The status assumed by one in loco parentis is "a somewhat nebulous legal relationship of a temporary character dependent on the intention of the party assuming the obligations of a parent."[10] The continuance of that relationship is a matter which lies within the will of one standing in loco parentis and may be abrogated by him at any time.[11] It differs from adoption in that it is strictly temporary in nature, rather than permanent.[12] Upon divorce, where the child is no longer under the stepfather's care, his duty of support terminates in the absence of a showing that he intends to continue as one in loco parentis.[13] Appellee indicated his willingness to contribute voluntarily, but not under a court order, to the support of the child and he requested visitation privileges, but this does not demonstrate that he intends to continue permanently in the role of parent.

Under any theory advanced by appellant appellee cannot be held responsible for the continued support of her child under the circumstances of this case.

Affirmed.

NOTES

[1] At no time did appellee legally adopt the child born prior to the marriage.

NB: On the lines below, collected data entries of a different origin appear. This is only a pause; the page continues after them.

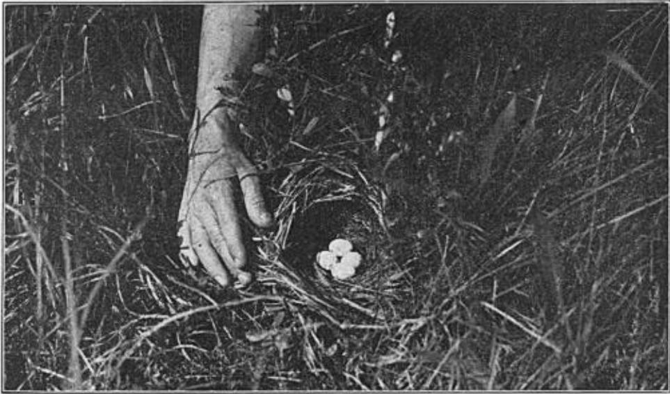
Fig. 4. NEST AND EGGS OF THE SOUTHERN MEADOWLARK, PHOTOGRAPHED NEAR HOUSTON, TEXAS, JUNE 11, 1914
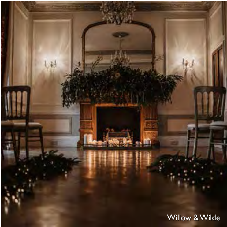
Willow & Wilde
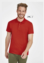
PRESCOTT MEN 11377
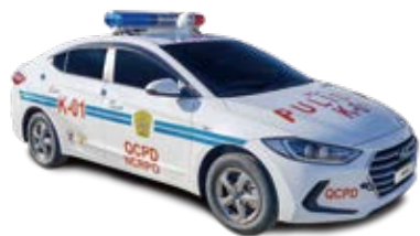
AVANTE_Philippine Patrol Car
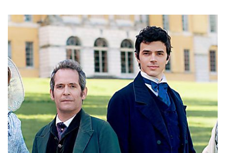
Done with Downton Abbey? Watch this next
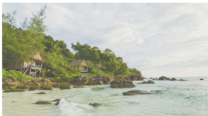
The island of Koh Rong in Sihanoukville province.

Finally, I cordially extend my heartfelt wishes of happiness and further prosperity to the Kingdom of Cambodia.
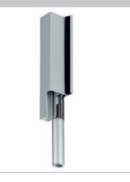
Solid M12 screw connection of the supporting legs in the profiles
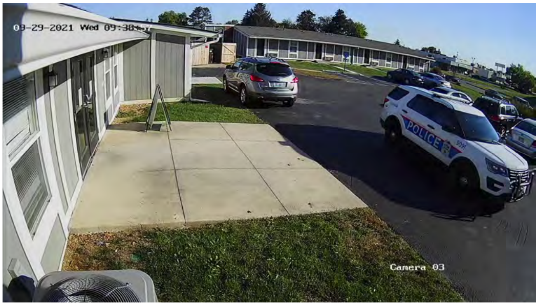
Figure 3: F36603_Ext. Office_CPD vehicle pulls through parking lot.

At 09:38:57, a CPD Marked patrol vehicle (9091) was seen pulling through the parking lot. See Figure 3 .
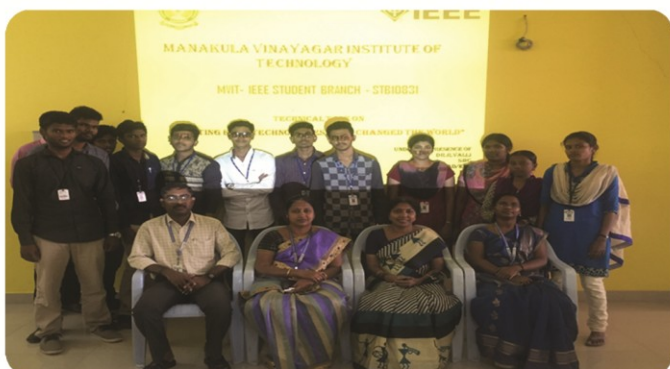
The MVIT- IEEE Student Branch organized Tech-Talk competition titled "Cutting Edge Technologies that changed the World" for the First, Second & Third Year Students on 7 th February and 19 th February 2018.

[2] Clevenger v. Clevenger, 189 Cal. App. 2d 658, 11 Cal. Rptr. 707, 90 A.L.R.2d 569 (1961).

[3] Prager v. Smith, D.C.App., 195 A.2d 257, 259 (1963).

[4] D.C.Code, 1967, § 16-301 et seq.; Cooley v. Washington, D.C.Mun.App., 136 A.2d 583 (1957).

[5] Burke v. Burke, 216 Or. 691, 340 P.2d 948, 950 (1959). See also Kucera v. Kucera, N.D., 117 N.W.2d 810 (1962).

[6] See 31 C.J.S. Estoppel § 67, p. 402 (1964).

[7] Clevenger v. Clevenger, supra n. 2.

[8] D.C.Code, 1967, § 30-320. See Prager v. Smith, supra n. 3; Murphy v. District of Columbia, D.C.Mun.App., 85 A.2d 805 (1952); Peters v. District of Columbia, D.C.Mun.App., 84 A.2d 115 (1951).

[9] Niewiadomski v. United States, 159 F.2d 683 (6th Cir. 1947), cert. denied, 331 U.S. 850, 67 S. Ct. 1730, 91 L. Ed. 1859; Hawkey v. United States, 108 F. Supp. 941 (D.C.Ill.1952).

[10] Cooley v. Washington, supra n. 4, 136 A.2d at 585.

[11] D. v. D., 56 N.J.Super. 357, 153 A.2d 332 (1959); State ex rel. Gilman v. Bacon, 249 Iowa 1233, 91 N.W.2d 395 (1958).

[12] In re McCardle's Estate, 95 Colo. 250, 35 P.2d 850 (1934).

[13] D. v. D., supra n. 11; Taylor v. Taylor, 58 Wash. 2d 510, 364 P.2d 444 (1961); McDowell v. McDowell, Ky., 378 S.W.2d 814 (1964); Swain v. Swain, 250 Cal. App. 2d 1. 58 Cal. Rptr. 83 (1967).